## Problem requirements
Every line of the listing below from the one with "Fix and Flip, Refinancing" up to and including the one with "На сковороде разогреть" should be retyped exactly, and nothing else; pictures are not part of the copy.

## Records for processing
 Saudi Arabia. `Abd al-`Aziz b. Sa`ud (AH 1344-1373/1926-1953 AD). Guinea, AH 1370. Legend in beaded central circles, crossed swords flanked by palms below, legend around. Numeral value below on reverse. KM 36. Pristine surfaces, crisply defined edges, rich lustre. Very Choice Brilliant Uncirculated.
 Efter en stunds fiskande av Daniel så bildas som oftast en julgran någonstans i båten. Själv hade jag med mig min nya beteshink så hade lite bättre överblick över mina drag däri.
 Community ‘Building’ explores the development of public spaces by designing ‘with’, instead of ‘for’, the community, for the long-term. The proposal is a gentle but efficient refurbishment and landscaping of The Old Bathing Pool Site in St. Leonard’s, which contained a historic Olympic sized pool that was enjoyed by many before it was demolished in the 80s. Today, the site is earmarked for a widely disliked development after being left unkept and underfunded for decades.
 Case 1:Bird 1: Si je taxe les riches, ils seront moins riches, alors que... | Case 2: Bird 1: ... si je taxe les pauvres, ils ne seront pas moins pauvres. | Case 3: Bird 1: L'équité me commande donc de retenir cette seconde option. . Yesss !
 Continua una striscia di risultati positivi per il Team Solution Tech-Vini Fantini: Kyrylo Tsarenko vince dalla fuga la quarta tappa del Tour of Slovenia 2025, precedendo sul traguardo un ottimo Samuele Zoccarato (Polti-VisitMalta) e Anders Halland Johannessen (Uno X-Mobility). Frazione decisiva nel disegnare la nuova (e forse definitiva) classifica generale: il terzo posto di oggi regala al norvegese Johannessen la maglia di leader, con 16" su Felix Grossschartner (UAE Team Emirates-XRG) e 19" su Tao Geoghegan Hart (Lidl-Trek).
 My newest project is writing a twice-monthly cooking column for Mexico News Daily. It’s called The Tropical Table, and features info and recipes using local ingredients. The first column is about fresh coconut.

---

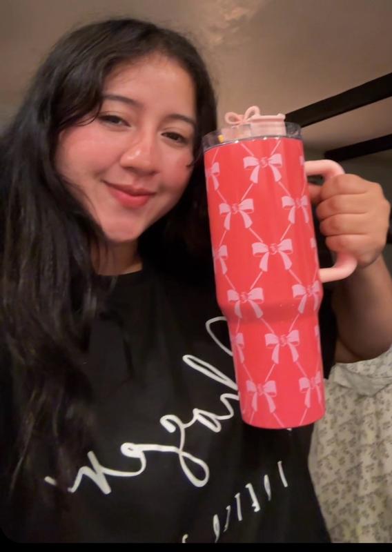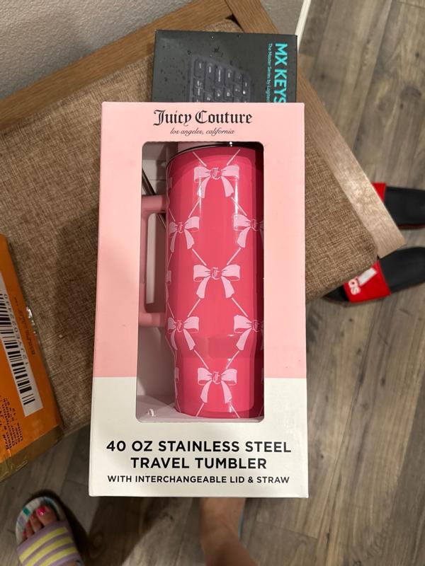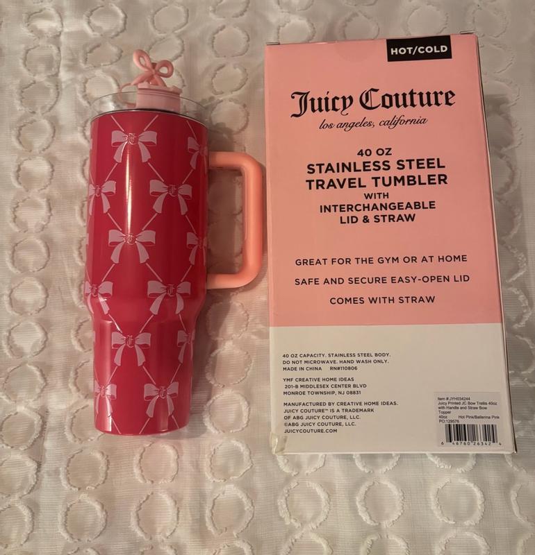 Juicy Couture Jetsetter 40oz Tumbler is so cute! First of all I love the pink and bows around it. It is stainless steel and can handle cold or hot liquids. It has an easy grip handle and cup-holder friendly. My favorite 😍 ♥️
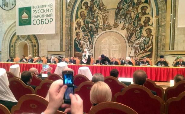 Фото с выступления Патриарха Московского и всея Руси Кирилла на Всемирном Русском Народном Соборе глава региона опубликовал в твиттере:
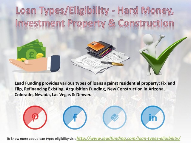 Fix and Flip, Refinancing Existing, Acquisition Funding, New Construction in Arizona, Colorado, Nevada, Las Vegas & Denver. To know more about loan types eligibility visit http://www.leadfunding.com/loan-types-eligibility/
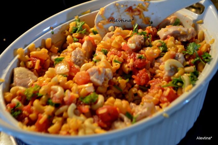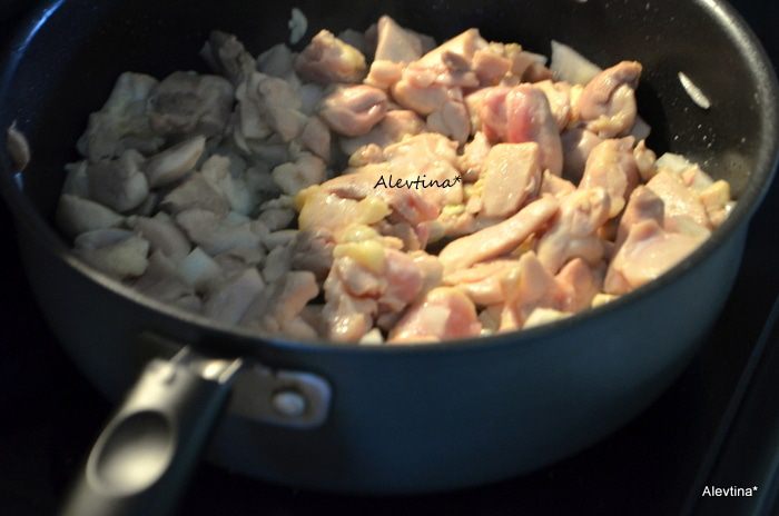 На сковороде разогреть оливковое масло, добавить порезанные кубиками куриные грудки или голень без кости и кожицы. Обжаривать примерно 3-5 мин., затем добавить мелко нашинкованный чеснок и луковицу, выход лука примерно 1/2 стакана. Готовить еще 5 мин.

...

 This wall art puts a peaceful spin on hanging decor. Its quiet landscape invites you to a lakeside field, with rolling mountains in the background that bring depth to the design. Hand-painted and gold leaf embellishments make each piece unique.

## Answer space
 Fix and Flip, Refinancing Existing, Acquisition Funding, New Construction in Arizona, Colorado, Nevada, Las Vegas & Denver. To know more about loan types eligibility visit http://www.leadfunding.com/loan-types-eligibility/
 На сковороде разогреть оливковое масло, добавить порезанные кубиками куриные грудки или голень без кости и кожицы. Обжаривать примерно 3-5 мин., затем добавить мелко нашинкованный чеснок и луковицу, выход лука примерно 1/2 стакана. Готовить еще 5 мин.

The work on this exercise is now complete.